╭──

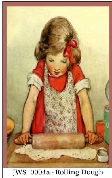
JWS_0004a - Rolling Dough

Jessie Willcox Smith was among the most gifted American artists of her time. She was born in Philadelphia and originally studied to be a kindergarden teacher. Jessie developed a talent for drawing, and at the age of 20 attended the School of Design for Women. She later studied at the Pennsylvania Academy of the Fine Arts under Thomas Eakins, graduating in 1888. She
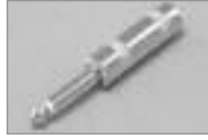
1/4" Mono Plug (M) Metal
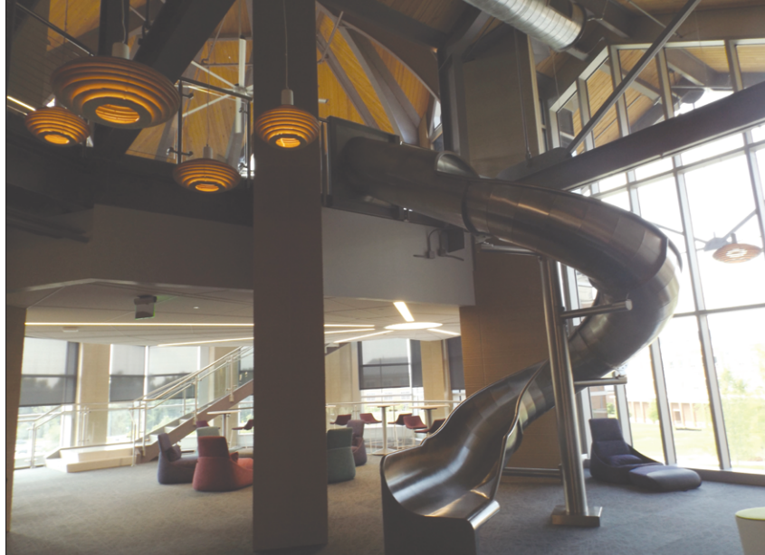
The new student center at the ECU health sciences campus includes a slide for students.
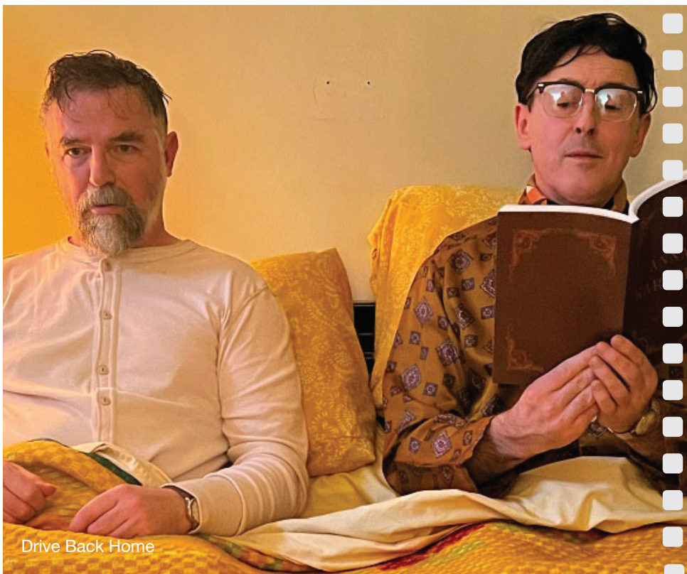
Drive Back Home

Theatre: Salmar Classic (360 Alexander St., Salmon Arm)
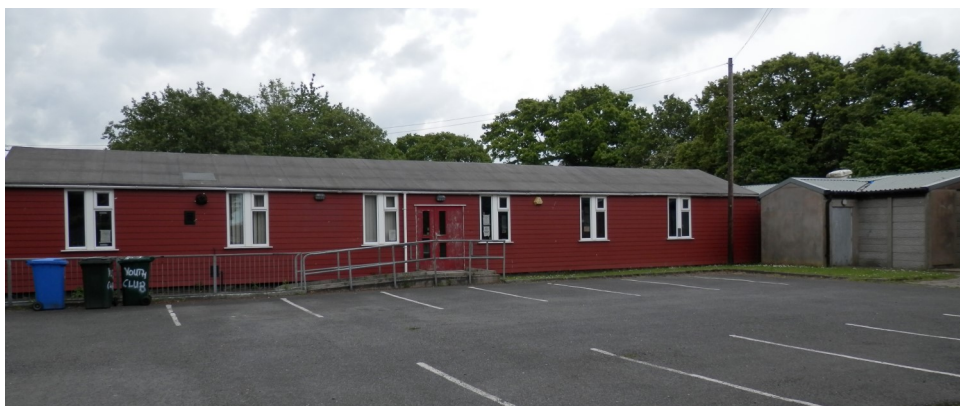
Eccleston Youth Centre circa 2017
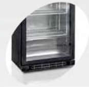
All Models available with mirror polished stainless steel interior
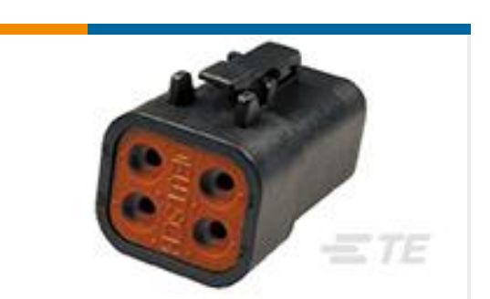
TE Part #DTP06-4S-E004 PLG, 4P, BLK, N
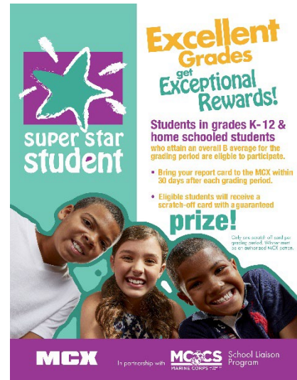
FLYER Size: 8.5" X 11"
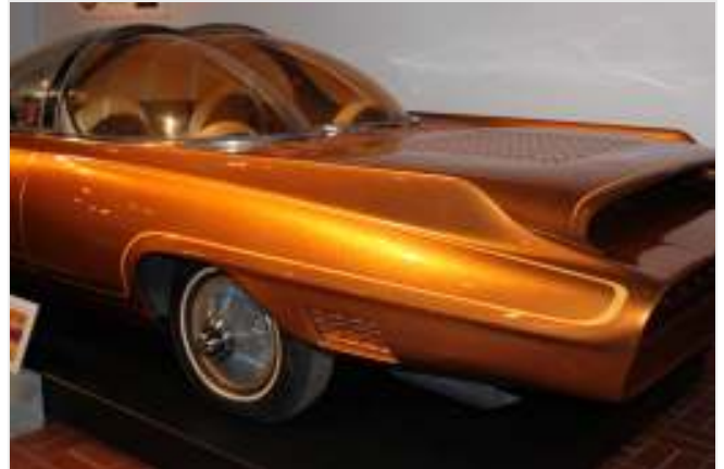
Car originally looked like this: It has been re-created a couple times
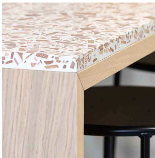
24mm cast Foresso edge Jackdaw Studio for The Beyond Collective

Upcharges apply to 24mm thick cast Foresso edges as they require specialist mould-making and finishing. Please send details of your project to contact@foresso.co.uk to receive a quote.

╰──

• WHAT THE TASK REQUIRES
If a line in the entries contains "originally", copy it.

• EXERCISE ANSWER
Jessie Willcox Smith was among the most gifted American artists of her time. She was born in Philadelphia and originally studied to be a kindergarden teacher. Jessie developed a talent for drawing, and at the age of 20 attended the School of Design for Women. She later studied at the Pennsylvania Academy of the Fine Arts under Thomas Eakins, graduating in 1888. She
Car originally looked like this: It has been re-created a couple times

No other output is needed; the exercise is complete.